* **WHAT THIS TASK INVOLVES**:
Output each line of the listing exactly, though pictures are not to appear.

* **EXERCISE DATA**:
= = = = =

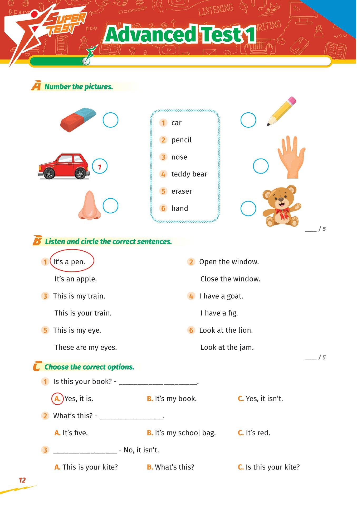 Với Bộ sách Super Test – Đề kiểm tra nhanh Tiếng Anh cho học sinh, bố mẹ sẽ giúp con tiến bộ từng ngày, tự tin với khả năng ngôn ngữ của m.ình khi ôn luyện Tiếng Anh bởi các bài tập về 4 kỹ năng: Nghe – Nói – Đọc – Viết được liên kết với nhau theo logic của bài học.
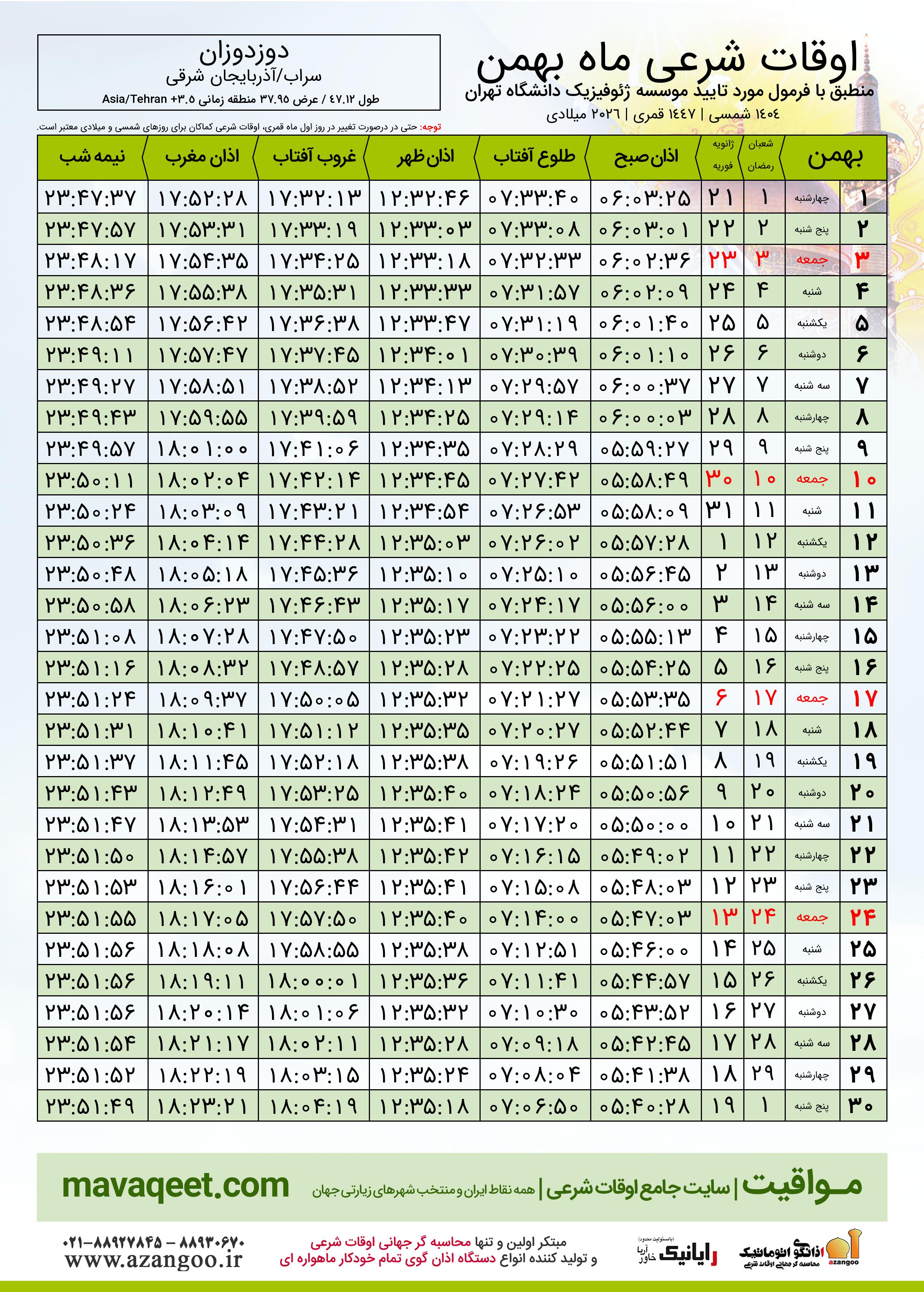 دانلود اوقات شرعی بهمن ٠٤ - ١٤٠٤ شهر دوزدوزان
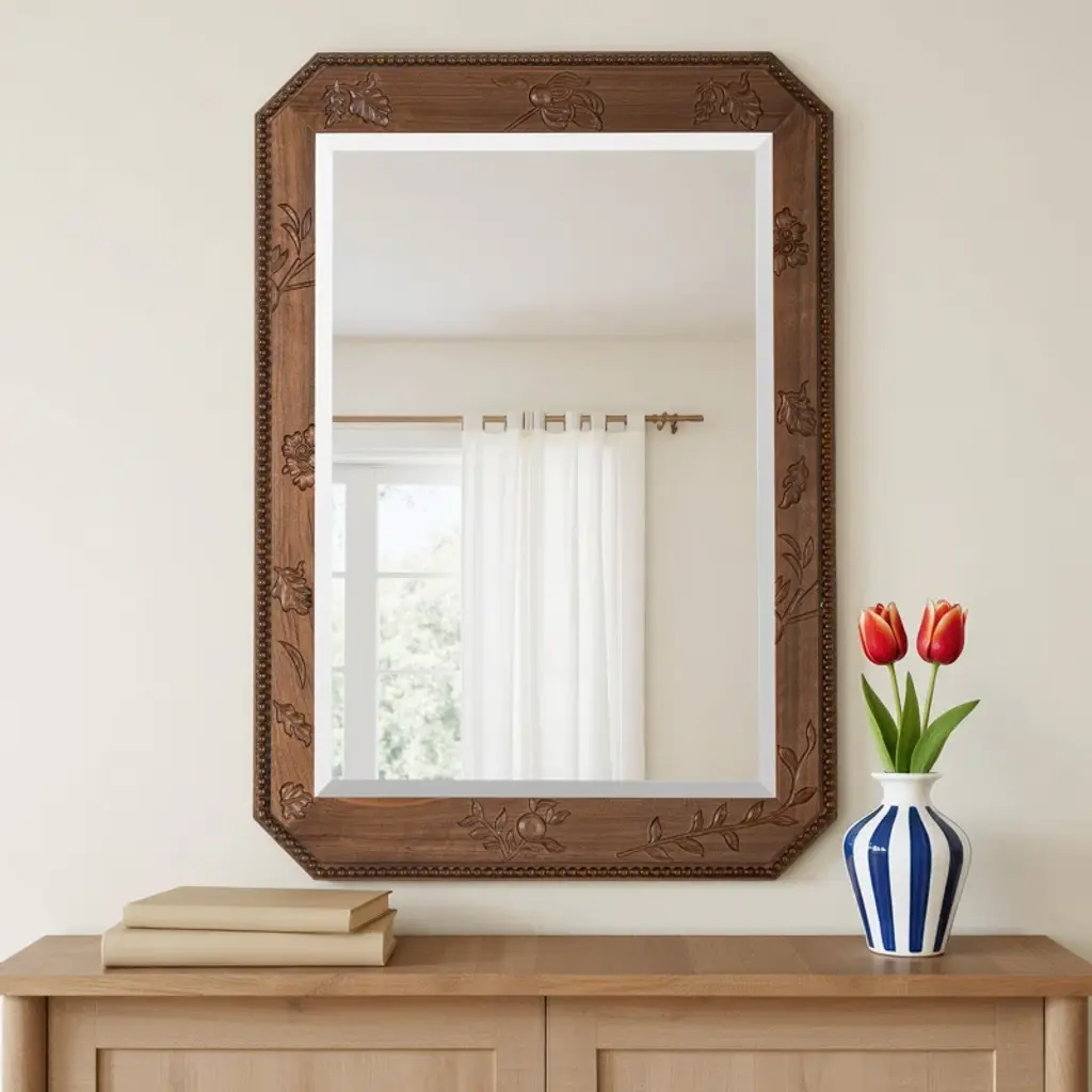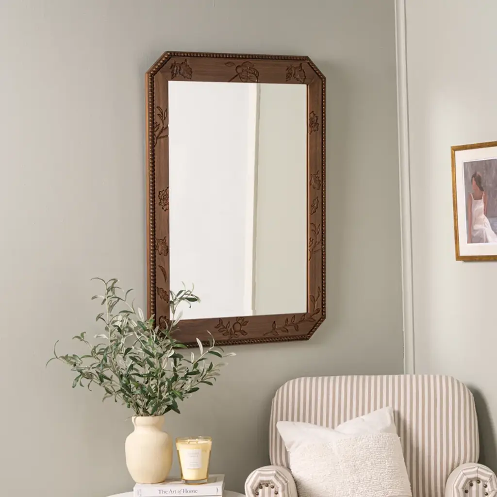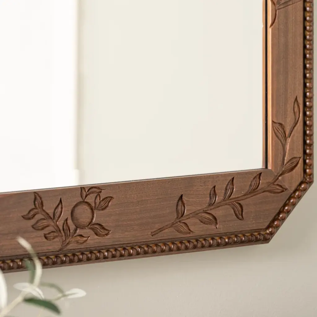 The beautiful Brinley Wall Mirror features an intricate, hand-crafted frame & finish. This piece is sure to add a statement to a space of any style.

= = = = =

* **ANSWER TO THE EXERCISE**:
 Với Bộ sách Super Test – Đề kiểm tra nhanh Tiếng Anh cho học sinh, bố mẹ sẽ giúp con tiến bộ từng ngày, tự tin với khả năng ngôn ngữ của m.ình khi ôn luyện Tiếng Anh bởi các bài tập về 4 kỹ năng: Nghe – Nói – Đọc – Viết được liên kết với nhau theo logic của bài học.
 دانلود اوقات شرعی بهمن ٠٤ - ١٤٠٤ شهر دوزدوزان
 The beautiful Brinley Wall Mirror features an intricate, hand-crafted frame & finish. This piece is sure to add a statement to a space of any style.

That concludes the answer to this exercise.